Nice to see a review of the Edison’s book. Thank you. The edition which I compiled and published recently carries historical significance in that it was from the Boston newspaper and not from the New York edition. For years the whole story was believed lost forever and when it was finally rediscovered in the Library of Congress in 1947 it was edited considerably for subsequent publication as a book. It was then gutted even further in 1969 by Forrest Ackerman and published with a different title entirely. The original story by Serviss that appeared in the Boston Post was the version that inspired Robert Goddard (thus the historical significance) and has never been seen since 1898 (until my edition came out). it is unabridged and complete, exactly as it appeared in the Boston paper. The Gutenberg version is from the New York Sun. It is probable that all of the Hearst newspapers ran it right across America and in keeping with the previous syndication a few weeks earlier of War of The Worlds in which each version was modified to fit the home city, my edition refers to Boston Common while the Gutenberg version talks about New York.
Actually, Greg Weeks, who was responsible for the Gutenberg version of the novel which is based on the New York newspaper version, is also preparing the different 1947 Carcosa House book version for Gutenberg (whose copyright was not renewed). His website has scans of both versions:
http://durendal.org:8080/ecom/
There’s also another Serviss science fiction novel involving space travel on PG called “A Columbus of Space”, which I haven’t read but is said to also hold up well and be far ahead of its time with genre ideas.
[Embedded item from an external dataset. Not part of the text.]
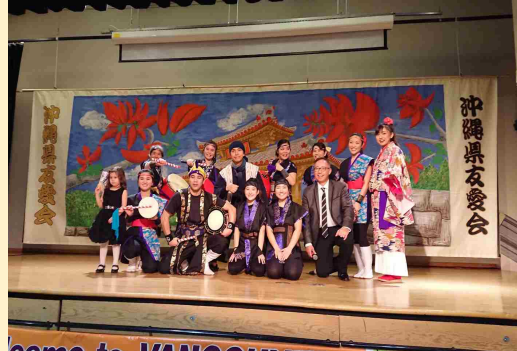
バンクーバー公演での記念撮影
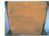
图六: 浸水条件下, 背衬材料上弹痕形状

I actually read “Edison’s Conquest of Mars” back in high school, where the school library had the 1954 anthology “Treasury of Science Fiction Classics” by Harold Kuebler which includes the novel — apparently in an abridged form, so this could possibly be yet another version of the novel. The choice of contents in this book is pretty interesting: there’s nothing written past 1938, and it’s revealing to see what the classics of the genre were considered back then; there’s the familiar highlights from early SF like Verne and Wells and Poe; stuff that’s declined in fame like Stapledon and “When Worlds Collide”; genre works by mainstream authors like E. M. Forster’s “The Machine Stops” and F. Scott Fitzgerald; and a couple of offbeat, rare items, like the Serviss novel, S. Fowler Wright’s “The Rat”, and Arthur Conan Doyle’s tale of underwater exploration “The Maracot Deep”. Here’s a listing of the contents:
http://contento.best.vwh.net/t61.htm#A1326
I remember enjoying Serviss’s tale; even at the time I thought that the premise was pretty weird, especially incorporating Edison into a sequel to a fictional book, but I was charmed by the innocence and the audacity of the imaginative leaps.
Rob and Joel,
Thank you for the background info! And for clearing up the mystery of the different versions — I’m glad to learn the version I read is the truest one.